A Dra. Dulce Maria Goyos Sicoli era filha de pai contador e mãe professora. Têm dois irmãos e uma irmã. A família lutava com dificuldades e tinha problemas. Dulce Maria Goyos Sicoli destacou-se no Instituto de Educação Monsenhor Gonçalves. Tinha dois uniformes, sempre impecavelmente limpos, e um par de sapatos. Ganhou uma bolsa de estudos integral da American Field Service para estudar nos Estados Unidos da América. Lá formou-se na escola secundária, após um ano. Voltando ao Brasil, trabalhou como professora de inglês e como secretária para financiar seus estudos na Faculdade de Direito. Mantinha-se a si própria desde os 17 anos de idade. Iniciou sua carreira como advogada no mercado financeiro, transferindo-se posteriormente para Noronha Advogados, onde como sócia foi responsável pela abertura do primeiro escritório de advocacia brasileiro e latino-americano no continente europeu. Foi a primeira pessoa da advocacia brasileira a atuar na Europa. Sofreu inúmeras discriminações, superou-as, teve um grande sucesso e passou a fazer parte da História. Retornou ao Brasil e optou por fazer carreira no Ministério Público do Estado de São Paulo, onde desenvolveu um trabalho altamente meritório perante os menores infratores.
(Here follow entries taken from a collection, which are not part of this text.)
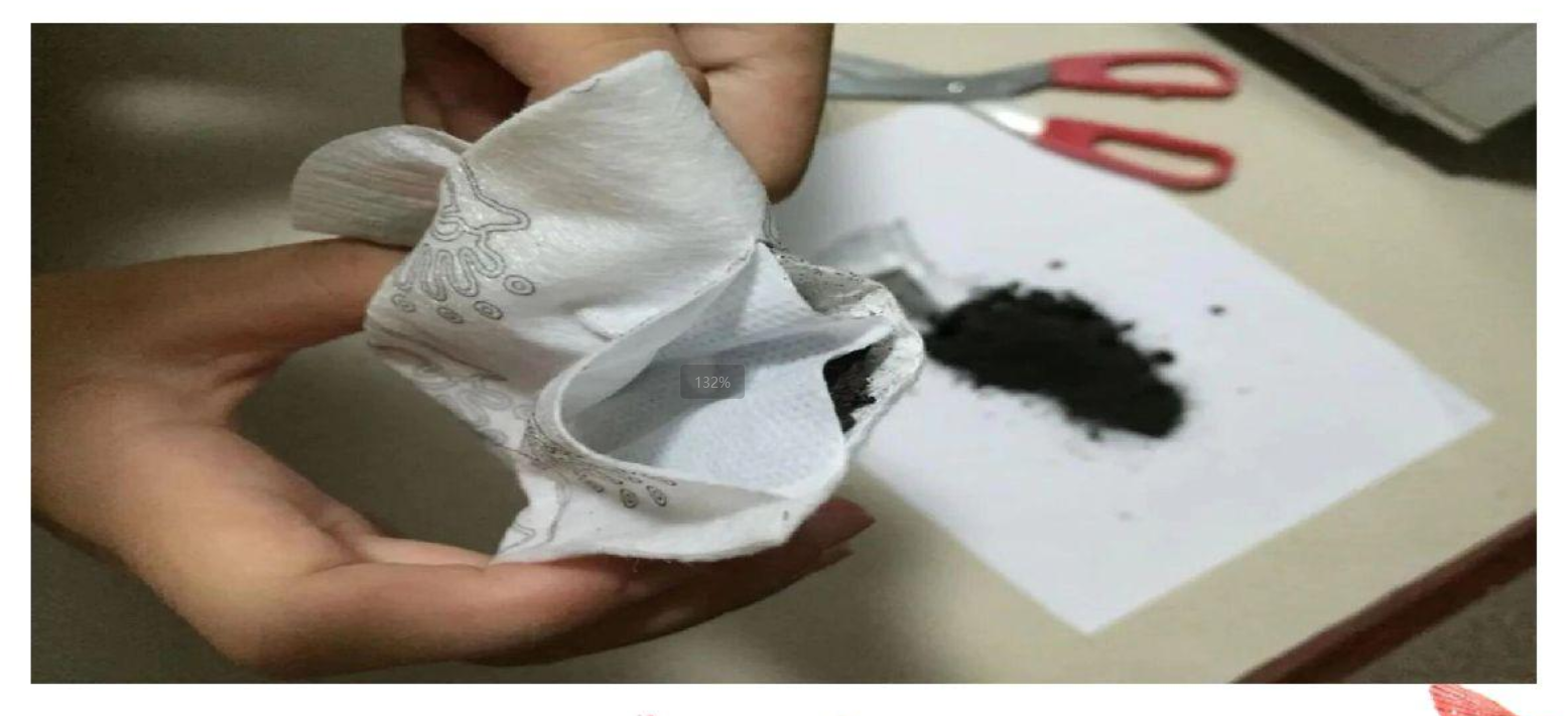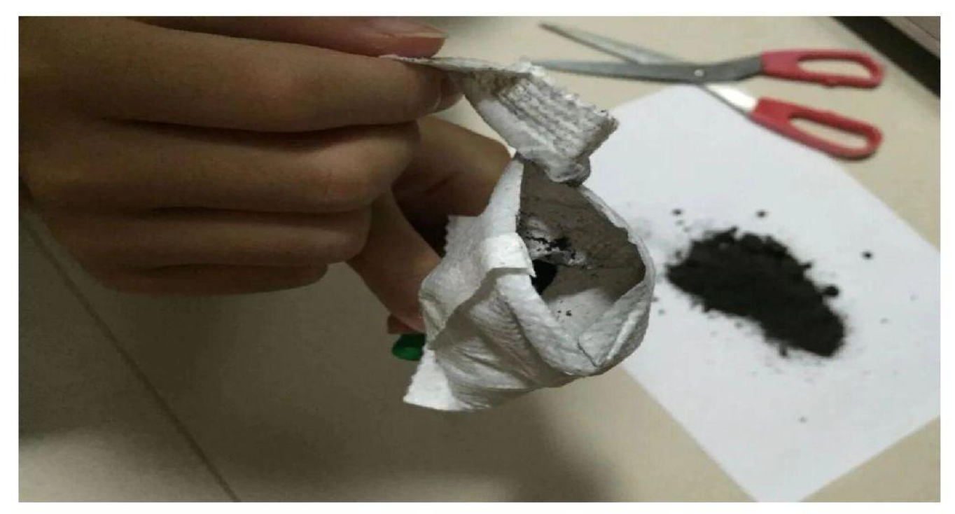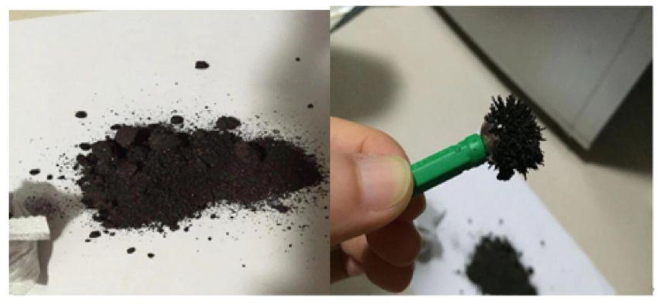 最后我剪开包装,倒出里面的材料。发现里面的材料是黑色的,很细,推测应该是铁粉,用磁力棒靠近,发现很快就吸附了一层厚厚的黑粉。可以初步判断,应该是铁粉(如图8所示)。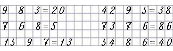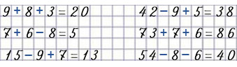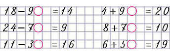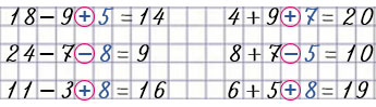37. Запиши пропущенные числа и заполни кружки знаками действий «+» и «—» так, чтобы получились верные равенства.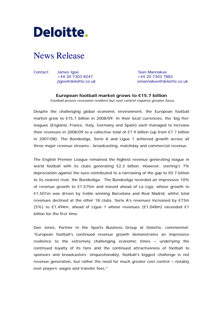 Den europeiska fotbollsmarknaden har trots allmän ekonomisk nedgång, vuxit till 151 miljarder kronor säsongen 2009. Snabbast växande är den tyska Bundesliga som nu omsätter över 15 miljarder kronor. Det visar den årliga rapporten från revisions- och konsultföretaget Deloitte.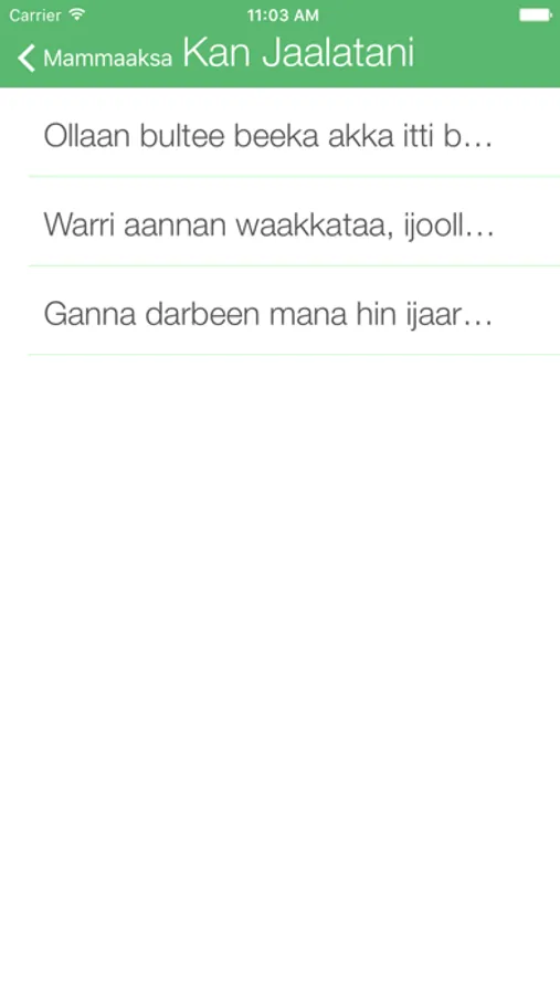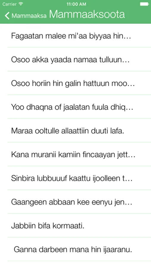 The app contains the wisdom and modest common sense of the Oromo nation over many generations expressed in the form of proverbs.
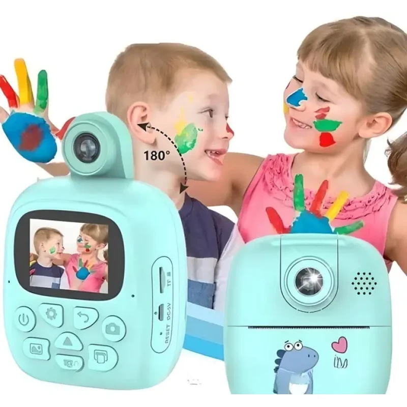Дві камери – основна та селфі-камера дозволяють малюкам вибирати ракурси та створювати унікальні кадри. З моментальним друком на термопапері фотографії виходять прямо з фотоапарата, створюючи почуття захоплення, аналогічне тому, як чеки роздруковуються на касі в супермаркеті!

Por sua vez, a Embaixadora Dulce Maria Pereira era filha de pai enfermeiro, que era o alicerce do nosso Pronto Socorro Municipal. Lembro-me que, numa ocasião, ele engessou o meu braço quando, menino travesso, fraturei-o caindo da parreira que havia no quintal de minha casa. A Embaixadora também estudou no Instituto de Educação Monsenhor Gonçalves. Tinha dois uniformes, sempre impecavelmente limpos, e um par de sapatos. Destacou-se nos estudos e ganhou uma bolsa de estudos integral para estudar nos Estados Unidos. Que eu saiba, foi a primeira negra brasileira a se tornar bolsista da organização em questão, o American Field Service. Participou ativamente do movimento de emancipação do negro nos Estados Unidos, enquanto lá esteve pelo período de um ano. Retornou ao Brasil, formou-se em ciências sociais e continuou atuando pela emancipação dos negros no Brasil. Foi presidente da Fundação Palmares. Foi presidente do Comitê Brasileiro Anti-apartheid. Movida pela justa indignação e inspirada pelo nobre sentimento de liberdade, protestou destemidamente contra a prisão de Nelson Mandela na própria África do Sul, então governada pelo regime ditatorial racista de infame memória. Entrou na História ao tornar-se a primeira embaixadora negra do Brasil. Foi a primeira mulher brasileira a liderar um organismo internacional, a Comunidade dos Países de Língua Portuguesa (CPLP).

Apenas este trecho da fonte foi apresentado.